Generally, IP addresses that are attributed the highest percentage
of a sample are the likeliest of being a `hotspot` or problem area
within the program.
SUMMARY OF THE INVENTION
[0007] Methods, apparatuses, and computer program products for
instruction weighting for performance profiling in a group dispatch
processor are described. In a particular embodiment, a post
processing profiler retrieves an execution sample including an
instruction address of a youngest instruction in a dispatch group
that has completed execution in a group dispatch processor and a
number of instructions in the dispatch group. In the particular
embodiment, the post processing profiler identifies, based on the
instruction address of the youngest instruction and the number of
instructions in the dispatch group, all of the instructions that
are in the dispatch group at the time that the dispatch group
completes execution. In the particular embodiment, the post
processing profiler applies within an execution profile, the result
of the execution sample, equally to all of the identified
instructions that are in the dispatch group.

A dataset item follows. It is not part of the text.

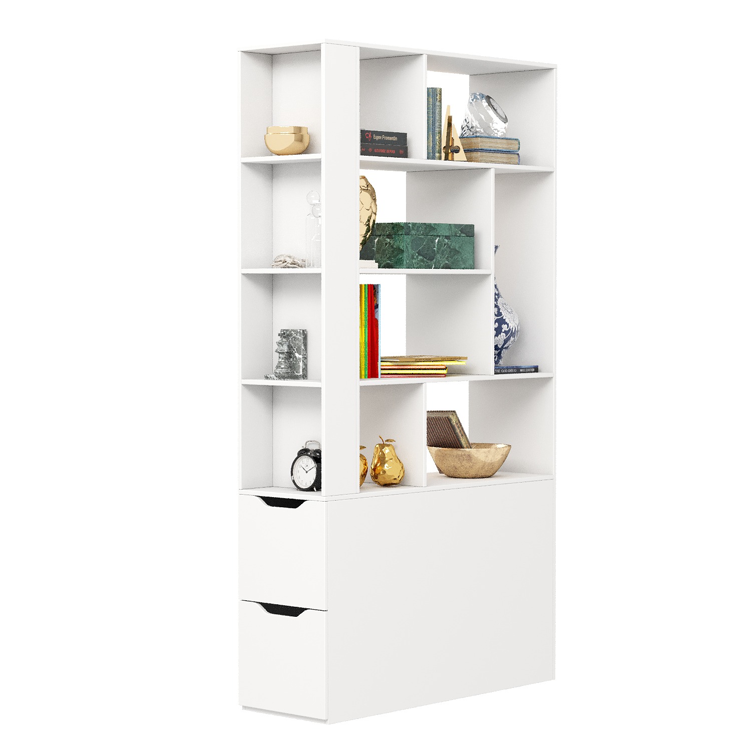 * В стеллаж встроены два выдвижных ящика на шариковых направляющих.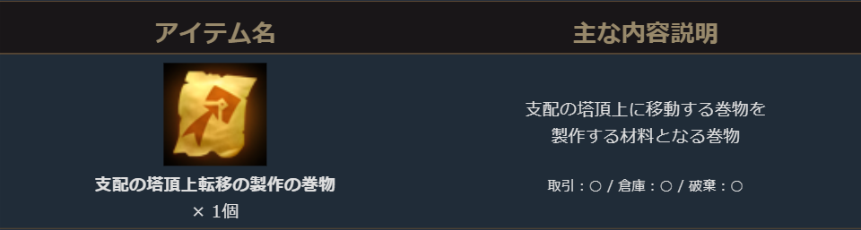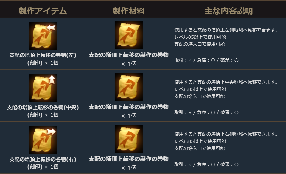「支配の塔頂上転移の巻物」を利用して下記の各種アイテムを製作が可能になっており、ポータル出現時間に関係なく「支配の塔入口」にてアイテムを使用する事で「支配の塔」へ入場が可能です。

[0008] The foregoing and other objects, features and advantages of
the invention will be apparent from the following more particular
descriptions of exemplary embodiments of the invention as
illustrated in the accompanying drawings wherein like reference
numbers generally represent like parts of exemplary embodiments of
the invention.
BRIEF DESCRIPTION OF THE DRAWINGS
[0009] FIG. 1 sets forth a diagram of an example system configured
for instruction weighting for performance profiling in a group
dispatch processor.
[0010] FIG. 2 sets forth a flow chart illustrating an example
method of instruction weighting for performance profiling in a
group dispatch processor.
[0011] FIG. 3 sets forth a flow chart illustrating another example
method of instruction weighting for performance profiling in a
group dispatch processor.
[0012] FIG. 4 sets forth a flow chart illustrating another example
method of instruction weighting for performance profiling in a
group dispatch processor.
[0013] FIG. 5 sets forth a diagram of an example user interface of
a post processing profiler for instruction weighting for
performance profiling in a group dispatch processor.

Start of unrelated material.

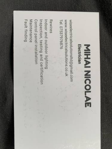 I highly recommend Mihai Nicolae of Wise Electrical Solutions. I engaged him to carry out an EICR and to replace the fuse box. He was extremely reliable, kept to his word, and provided clear explanations throughout the process, with regular updates. The quality of his workmanship was excellent. I would have no hesitation in using his services again and recommend him.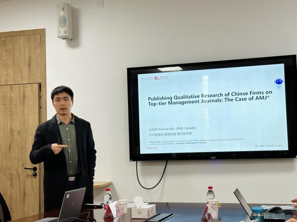 2024年1月18日下午,上海交通大学石先蔚助理教授受邀在91制片厂 214教室为91制片厂 师生开展了题为“在国际顶级管理学期刊上发表质性研究:以AMJ的发表历程为例”的学术讲座,讲座由学院副院长彭新敏教授主持,20余位师生参加。

DETAILED DESCRIPTION OF EXEMPLARY EMBODIMENTS
[0014] Exemplary methods, apparatuses, and computer program
products for instruction weighting for performance profiling in a
group dispatch processor in accordance with the present invention
are described with reference to the accompanying drawings,
beginning with FIG. 1.
[0015] In the following description, for the purposes of
explanation, numerous specific details are set forth in order to
provide a thorough understanding of the present invention. It will
be apparent, however, to one skilled in the art that the present
invention may be practiced without these specific details. In other
instances, well-known structures and devices are shown in block
diagram form in order to avoid unnecessarily obscuring the present
invention.
[0016] In addition, in the following description, for purposes of
explanation, numerous systems are described. It is important to
note, and it will be apparent to one skilled in the art, that the
present invention may execute in a variety of systems, including a
variety of computer systems and electronic devices operating any
number of different types of operating systems.

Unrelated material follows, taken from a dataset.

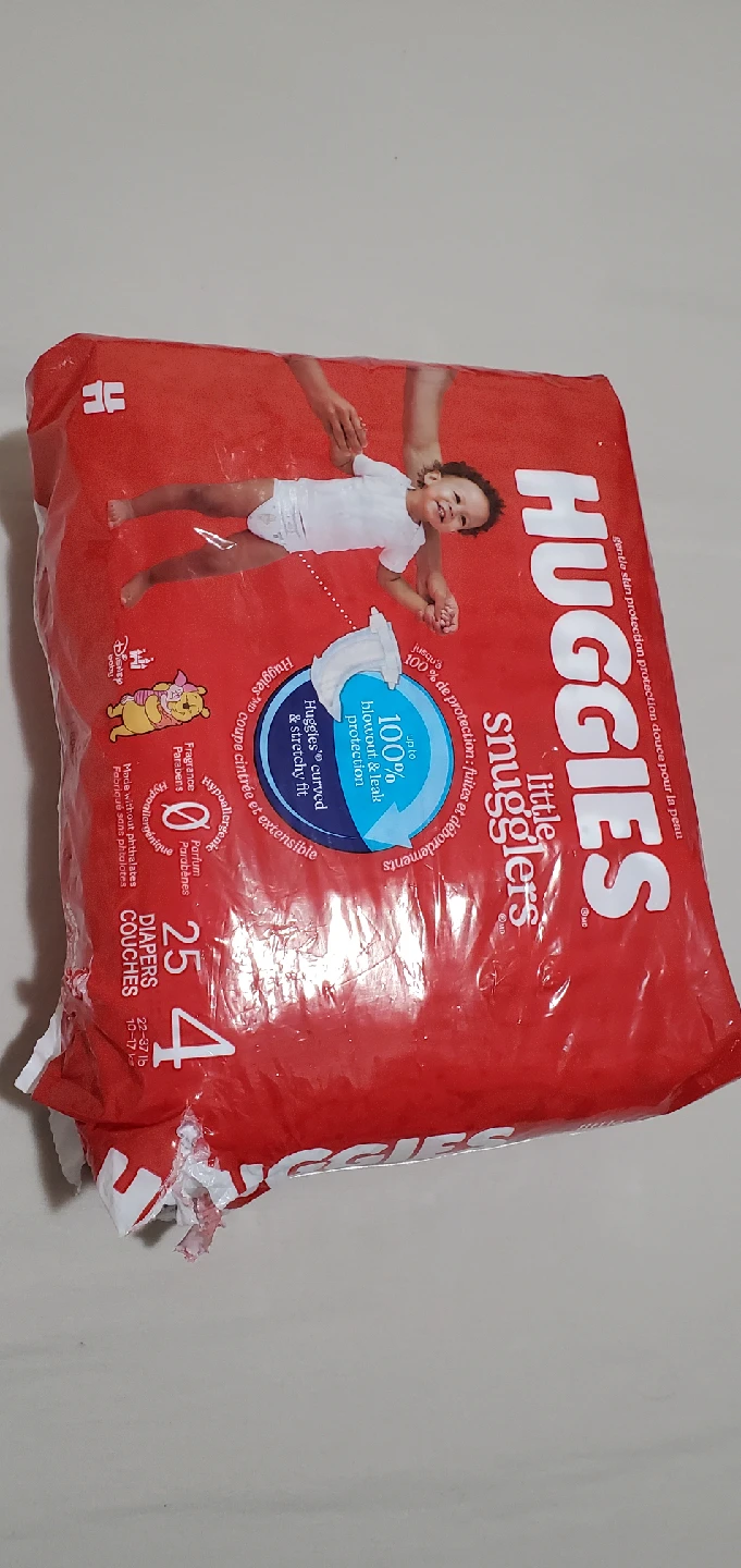 HUGGIES: Package opened, 4 diapers used; total 21 count - Size 4. Price $8

[0017] With reference now to the figures, FIG. 1 sets forth a
diagram of an example system (100) configured for instruction
weighting for performance profiling in a group dispatch processor
(102). The system (100) may take the form of a desktop, server,
portable, laptop, notebook, or other form factor computer or data
processing system. The system (100) may also take other form
factors such as a gaming device, a personal digital assistant
(PDA), a portable telephone device, a communication device or other
devices that include a processor and memory. The primary task of
the system (100) is the processing of software programs by
execution of instructions as single instructions or instruction
groups.
[0018] A group dispatch processor dispatches and completes
instructions according to a group. In the illustrative embodiment,
the group dispatch processor (102) is a superscalar microprocessor,
including units, registers, buffers, memories, and other sections,
shown and not shown, all of which are formed by integrated
circuitry. It will be apparent to one skilled in the art that
additional or alternate units, registers, buffers, memories and
other sections may be implemented within the group dispatch
processor (102) for full operation. In one example, the group
dispatch processor (102) operates according to reduced instruction
set computer (RISC) techniques.
[0019] In the example of FIG. 1, the system (100) includes the
group dispatch processor (102), a memory controller (128), and
system memory (130). The group dispatch processor (102) of FIG. 1
includes a cache memory (120), a fetch unit (104), a decode unit
(106), a dispatch unit (108), a plurality of execution units (110,
112, 114), and a completion unit (116).
[0020] In one embodiment, the group dispatch processor (102)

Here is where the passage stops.